| Exercise brief |
The material below is to be copied exactly from the line with "Quello che si" up to and including the line with "On X, a Nigerian", with nothing else kept and no pictures.

| Data to process |
┄┄┄┄┄┄┄┄┄┄┄┄┄┄┄┄┄┄┄┄

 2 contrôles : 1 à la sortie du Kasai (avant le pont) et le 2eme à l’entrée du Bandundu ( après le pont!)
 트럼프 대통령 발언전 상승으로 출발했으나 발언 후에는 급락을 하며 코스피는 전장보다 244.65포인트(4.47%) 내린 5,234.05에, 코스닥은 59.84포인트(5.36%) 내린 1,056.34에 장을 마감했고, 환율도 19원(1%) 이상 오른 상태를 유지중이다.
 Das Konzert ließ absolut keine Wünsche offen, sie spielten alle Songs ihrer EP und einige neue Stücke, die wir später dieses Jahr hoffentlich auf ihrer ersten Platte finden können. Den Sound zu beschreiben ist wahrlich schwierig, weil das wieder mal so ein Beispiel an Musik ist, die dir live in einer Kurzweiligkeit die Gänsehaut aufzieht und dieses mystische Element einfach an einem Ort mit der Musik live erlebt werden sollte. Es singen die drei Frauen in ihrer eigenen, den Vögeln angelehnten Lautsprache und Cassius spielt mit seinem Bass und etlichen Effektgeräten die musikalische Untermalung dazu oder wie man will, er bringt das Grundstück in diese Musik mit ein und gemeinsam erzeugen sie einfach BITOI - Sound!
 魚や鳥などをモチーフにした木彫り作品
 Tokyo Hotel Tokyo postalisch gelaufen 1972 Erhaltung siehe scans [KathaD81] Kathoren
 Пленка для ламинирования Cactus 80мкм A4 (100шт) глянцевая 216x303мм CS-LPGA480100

┄┄┄┄┄┄┄┄┄┄┄┄┄┄┄┄┄┄┄┄

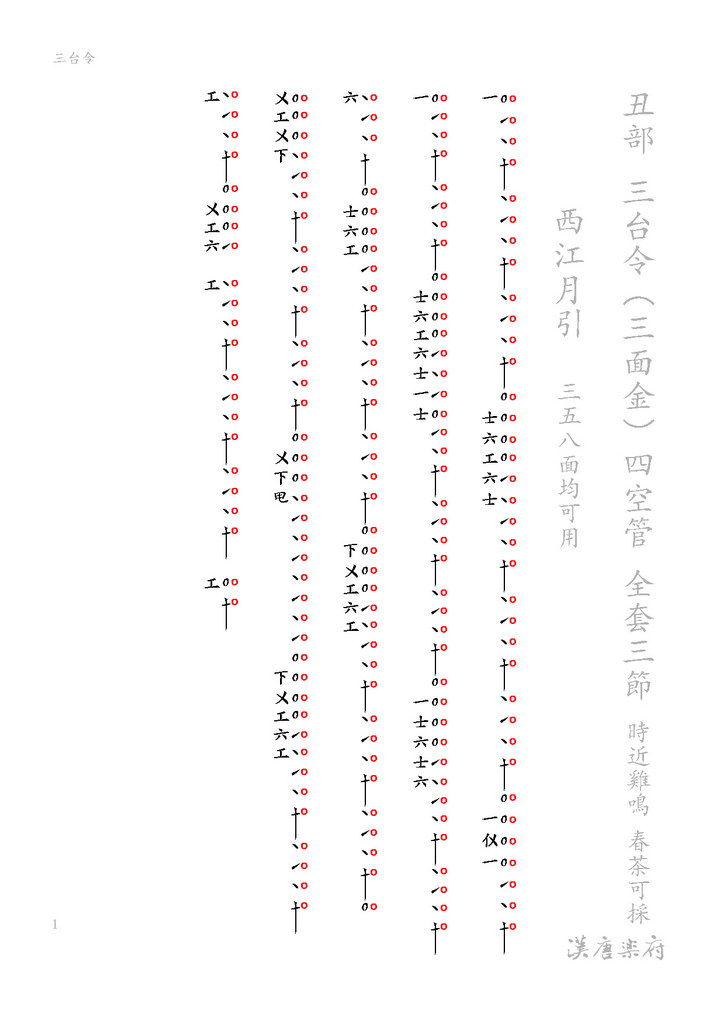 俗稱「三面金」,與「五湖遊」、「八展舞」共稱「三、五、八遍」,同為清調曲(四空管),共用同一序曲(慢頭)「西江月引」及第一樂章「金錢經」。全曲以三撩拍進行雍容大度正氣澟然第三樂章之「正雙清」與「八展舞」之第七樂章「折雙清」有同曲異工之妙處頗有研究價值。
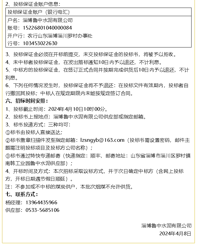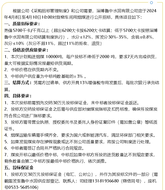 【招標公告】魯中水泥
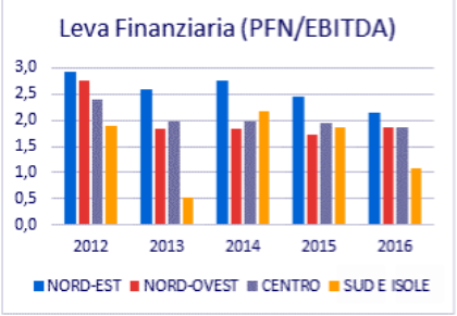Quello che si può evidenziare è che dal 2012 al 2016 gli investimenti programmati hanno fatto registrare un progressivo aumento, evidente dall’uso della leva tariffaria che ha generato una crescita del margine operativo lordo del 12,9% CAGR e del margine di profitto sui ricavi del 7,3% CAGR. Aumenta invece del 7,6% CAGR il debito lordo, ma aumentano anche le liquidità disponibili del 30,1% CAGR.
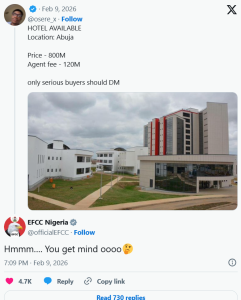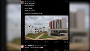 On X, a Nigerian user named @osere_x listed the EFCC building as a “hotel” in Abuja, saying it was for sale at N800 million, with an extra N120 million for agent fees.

┄┄┄┄┄┄┄┄┄┄┄┄┄┄┄┄┄┄┄┄

| Your response |
Quello che si può evidenziare è che dal 2012 al 2016 gli investimenti programmati hanno fatto registrare un progressivo aumento, evidente dall’uso della leva tariffaria che ha generato una crescita del margine operativo lordo del 12,9% CAGR e del margine di profitto sui ricavi del 7,3% CAGR. Aumenta invece del 7,6% CAGR il debito lordo, ma aumentano anche le liquidità disponibili del 30,1% CAGR.
 On X, a Nigerian user named @osere_x listed the EFCC building as a “hotel” in Abuja, saying it was for sale at N800 million, with an extra N120 million for agent fees.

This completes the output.